Современные люди ненавидят, когда им говорят: «Делайте это, потому что я так говорю». Отчуждение от политического процесса часто заставляет людей отождествлять себя с сильными лидерами, которые утверждают, что представляют молчаливое большинство.По всему миру мы видим политические баталии между технократами и популистами, экспертами, претендующими на власть благодаря своим знаниям, против лидеров, которые борются против элит от имени «реальных людей». Третий вариант — это демократия или представление о том, что люди из плоти и крови могут и должны обладать значимой властью в управлении общими делами.

Некоторые ученые испытывают своего рода макиавеллистское ликование, разоблачая демократический идеализм; другие превозносят «мудрость толпы». Но сторонники мудрости толпы на самом деле часто не призывают к наделению большей политической властью большинства граждан, как в предложении Герреро о лотократии.

Демократия означает, что люди осуществляют власть, а не выбирают из меню, составленного элитами и их агентами

Герреро, философ из Пенсильванского университета, считает, что прямая демократия не может работать, потому что большинству людей не хватает времени и возможностей для понимания сложностей современной государственной политики. Демократы отреагировали на эту ситуацию, создав систему представительной демократии, в которой люди голосуют за политиков, которые действуют как наши агенты в залах власти. Проблема в том, что большинство людей не могут уделять достаточно внимания, чтобы привлечь к ответственности своих представителей.Граждане «не осведомлены о том, что делают наши представители, не осведомлены о деталях сложных политических вопросов и не знают, хорошо ли то, что делает наш представитель, для нас или для всего мира». Что еще хуже, влиятельные экономические круги обладают знаниями и ресурсами, чтобы захватить представителей и заставить их служить богатым.

Время избирательной представительной демократии прошло, утверждает Герреро. Вместо того чтобы тратить впустую голоса людей на выборах, политические системы должны создавать лотократию, которая случайным образом выбирает взрослых, которые могут выполнять модифицированные версии работы, которую в настоящее время выполняют избранные политики.Прямо сейчас конгрессмены США — это преимущественно белые, мужчины, миллионеры; лотократия может мгновенно увеличить число женщин, представителей меньшинств и лиц с низкими доходами в законодательном органе и воспользоваться эпистемическим вкладом каждой группы в политические дебаты.

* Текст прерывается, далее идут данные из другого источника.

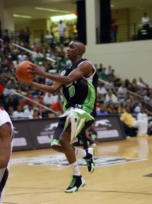 Streetballer Aaron Owens going up for a shot.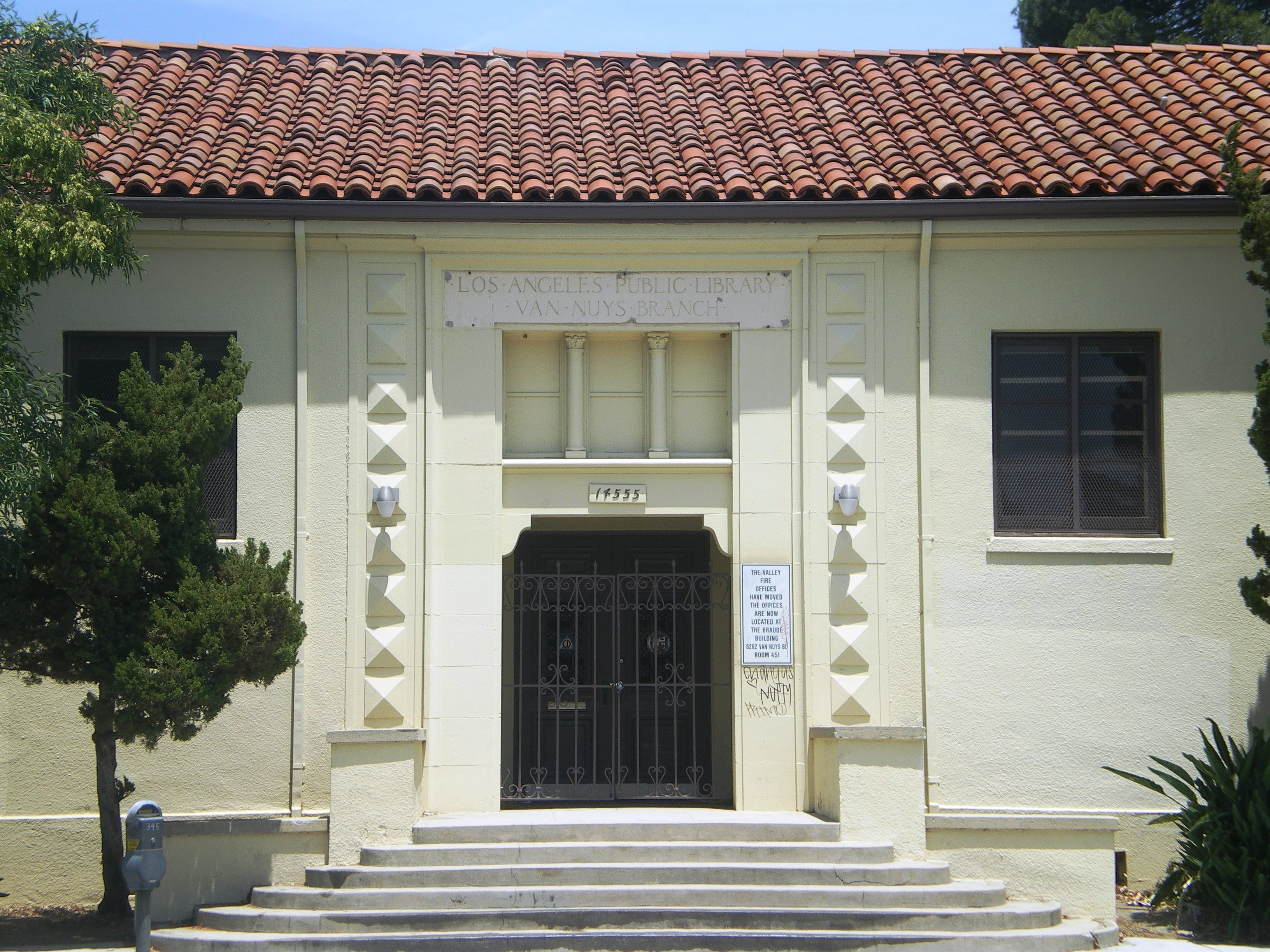 The former Van Nuys Branch Library — 14553 Sylvan, Van Nuys, central San Fernando Valley, in the City of Los Angeles, California. The 1926 Spanish Colonial Revival style building is a Los Angeles Historic-Cultural Monument, and on the National Register of Historic Places in Los Angeles.

Герреро предполагает создание законодательных органов с одним вопросом, члены которых выбираются лотереей и избираются на трехлетний срок в шахматном порядке. В начале законодательной сессии эксперты устанавливают повестку дня и знакомят законодателей с этой темой, затем законодатели разрабатывают, пересматривают и голосуют по закону.Герреро отвергает возможность того, что эксперты «убедят нас купить ту же политику, спонсируемую корпорациями, которую мы сейчас получаем».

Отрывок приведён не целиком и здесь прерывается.